A faithful retyping of every entry below is wanted, with images left out.

Extracted records:
=== Begin Enclosure ===

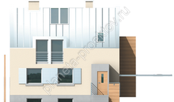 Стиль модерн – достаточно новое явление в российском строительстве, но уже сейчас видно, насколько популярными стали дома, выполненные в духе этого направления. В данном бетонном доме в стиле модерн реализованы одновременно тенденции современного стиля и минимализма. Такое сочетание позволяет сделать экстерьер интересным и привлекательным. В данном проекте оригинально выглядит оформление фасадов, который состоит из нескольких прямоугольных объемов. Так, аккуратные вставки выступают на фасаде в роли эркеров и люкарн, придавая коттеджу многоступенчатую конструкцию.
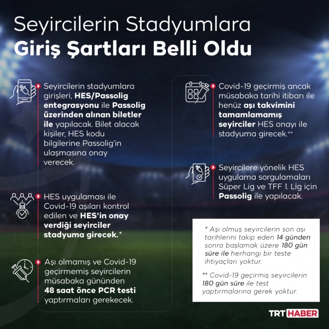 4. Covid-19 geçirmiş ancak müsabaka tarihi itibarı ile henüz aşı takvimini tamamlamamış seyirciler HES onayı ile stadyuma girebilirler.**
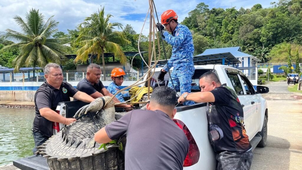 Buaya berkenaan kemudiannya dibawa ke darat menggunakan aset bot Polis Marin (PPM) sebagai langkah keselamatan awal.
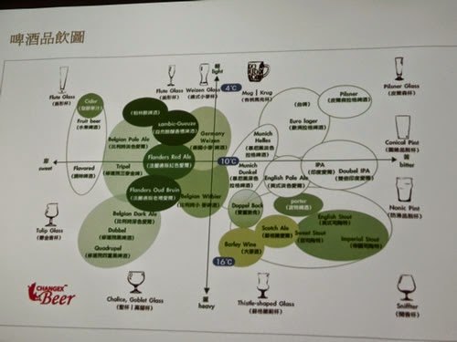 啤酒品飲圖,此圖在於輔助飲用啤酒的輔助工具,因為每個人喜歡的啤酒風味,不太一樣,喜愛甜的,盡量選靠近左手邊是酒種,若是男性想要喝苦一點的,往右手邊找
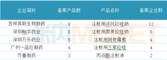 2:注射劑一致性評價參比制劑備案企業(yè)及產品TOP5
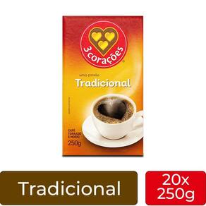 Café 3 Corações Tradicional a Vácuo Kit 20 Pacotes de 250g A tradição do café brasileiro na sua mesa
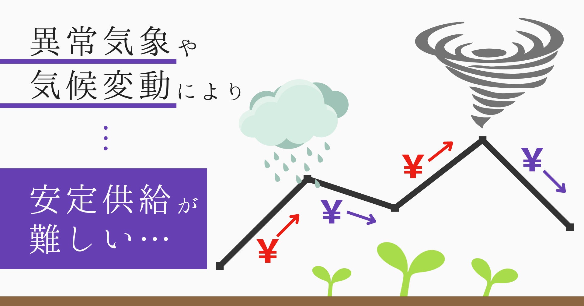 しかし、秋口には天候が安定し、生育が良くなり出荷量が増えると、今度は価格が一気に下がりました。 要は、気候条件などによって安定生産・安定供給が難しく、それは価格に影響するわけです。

=== End Enclosure ===

### FINAL ANSWER
 Стиль модерн – достаточно новое явление в российском строительстве, но уже сейчас видно, насколько популярными стали дома, выполненные в духе этого направления. В данном бетонном доме в стиле модерн реализованы одновременно тенденции современного стиля и минимализма. Такое сочетание позволяет сделать экстерьер интересным и привлекательным. В данном проекте оригинально выглядит оформление фасадов, который состоит из нескольких прямоугольных объемов. Так, аккуратные вставки выступают на фасаде в роли эркеров и люкарн, придавая коттеджу многоступенчатую конструкцию.
 4. Covid-19 geçirmiş ancak müsabaka tarihi itibarı ile henüz aşı takvimini tamamlamamış seyirciler HES onayı ile stadyuma girebilirler.**
 Buaya berkenaan kemudiannya dibawa ke darat menggunakan aset bot Polis Marin (PPM) sebagai langkah keselamatan awal.
 啤酒品飲圖,此圖在於輔助飲用啤酒的輔助工具,因為每個人喜歡的啤酒風味,不太一樣,喜愛甜的,盡量選靠近左手邊是酒種,若是男性想要喝苦一點的,往右手邊找
 2:注射劑一致性評價參比制劑備案企業(yè)及產品TOP5
 Café 3 Corações Tradicional a Vácuo Kit 20 Pacotes de 250g A tradição do café brasileiro na sua mesa
 しかし、秋口には天候が安定し、生育が良くなり出荷量が増えると、今度は価格が一気に下がりました。 要は、気候条件などによって安定生産・安定供給が難しく、それは価格に影響するわけです。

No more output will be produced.